Edit: For example: An open ball $B(x,\epsilon)$ is open.
 A: Sometimes visualization is indeed misleading, check this post:
https://math.stackexchange.com/a/743458/136544
A: This is a very deep question.
A proof in terms of numbered formulae and various $\Rightarrow$, resp. $\Leftrightarrow$-signs could be checked by an automated proof checker. On the other hand, a "figure" is just a bitmap, or a pixel heap, and I doubt that an automated proof checker would ever be able to make out what this figure is telling us. 

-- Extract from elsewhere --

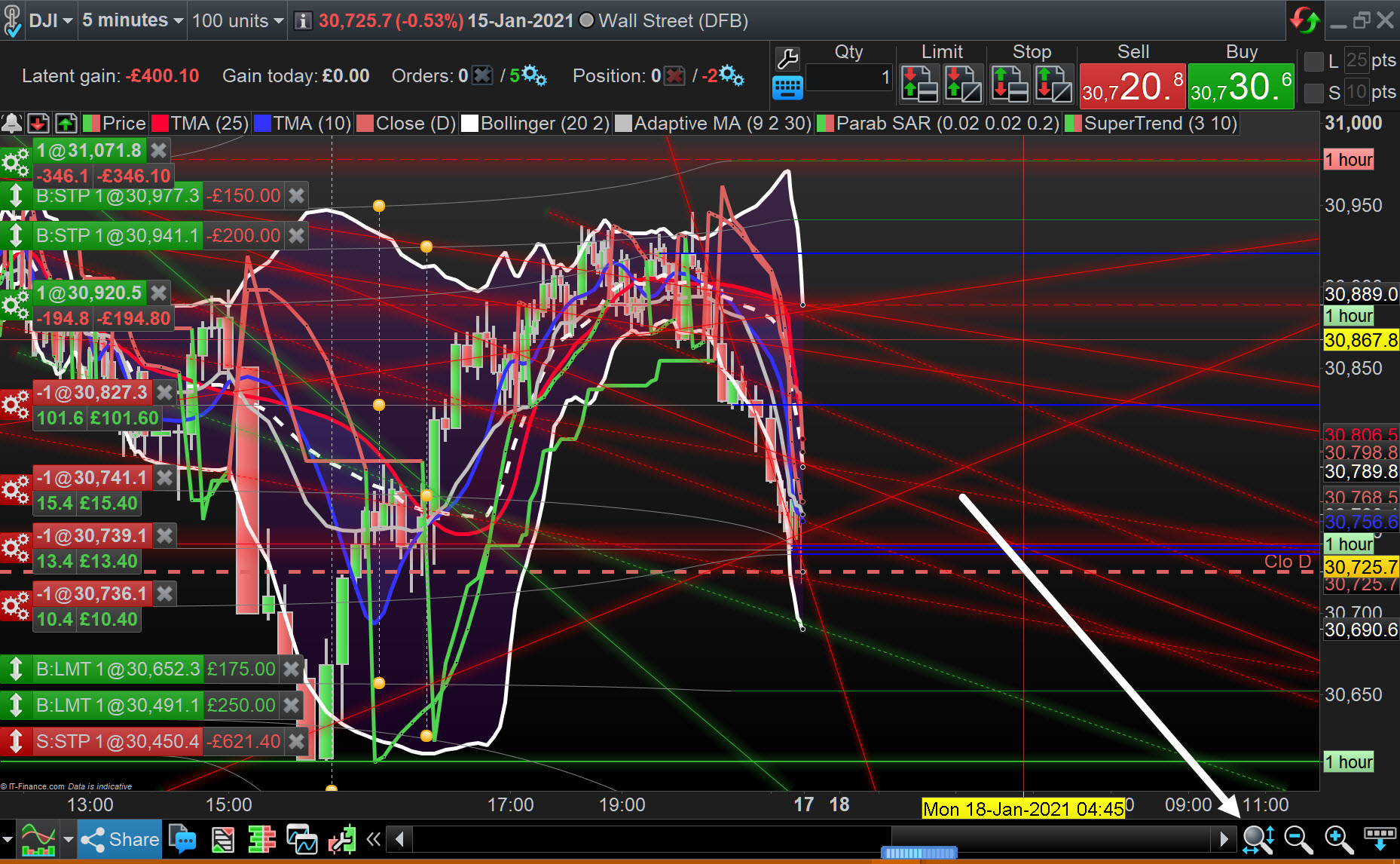 Comment parametrer Prorealtime pour que le prix soit visible automatoquement lors de fortes hausses ou fortes baisses

In other words: Figures are viewed at and interpreted by humans. Sometimes these humans  consent in accepting such a figure as proof of some statement, but sometimes they are in error in doing so. When a figure mainly serves to explain a certain concept, say, the derivative of a function $f:\>{\mathbb R}^n\to{\mathbb R}^m$ at some point $p\in{\rm dom}(f)$, then there is not much harm possible, but as soon as there are "cases" involved, say in a geometric proof of $\sin(x+y)=\ldots\ $ for arbitrary angles, the question arises whether the power of $1$ (one) figure is sufficient to prove the general statement. To put it differently: A general statement might involve very different morphologies, only one of which is captured in a single figure.

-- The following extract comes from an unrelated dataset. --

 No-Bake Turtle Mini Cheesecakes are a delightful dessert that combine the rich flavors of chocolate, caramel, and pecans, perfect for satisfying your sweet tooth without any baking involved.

Concerning your example, it is certainly not sufficient to draw a point $x$ and a circle of radius $\epsilon$ around $x$. But inserting another point $y$ into this circle and drawing a very small circle around $y$ would make the idea of the intended proof clear. Nevertheless, in a course & homework situation it is expected that the idea so obvious in the figure is "verbalized" in a coherent argument.
A: I honestly have no idea why your professors would react in that way. My experience has been the opposite, that drawing pictures demonstrated that you weren't just mindlessly deriving consequences from a definition. My topology professor, for example, loved proofs where we would actually draw an open ball and identified an important element graphically, or something. It is hard to think of examples.
The only risk in a geometric proof is relying completely on an image that you may have accidently drawn in such a way that what you were trying to prove was immediately true, and then accidentally using results from the picture that you did not actually have. However, this should not happen for an experienced prover-er.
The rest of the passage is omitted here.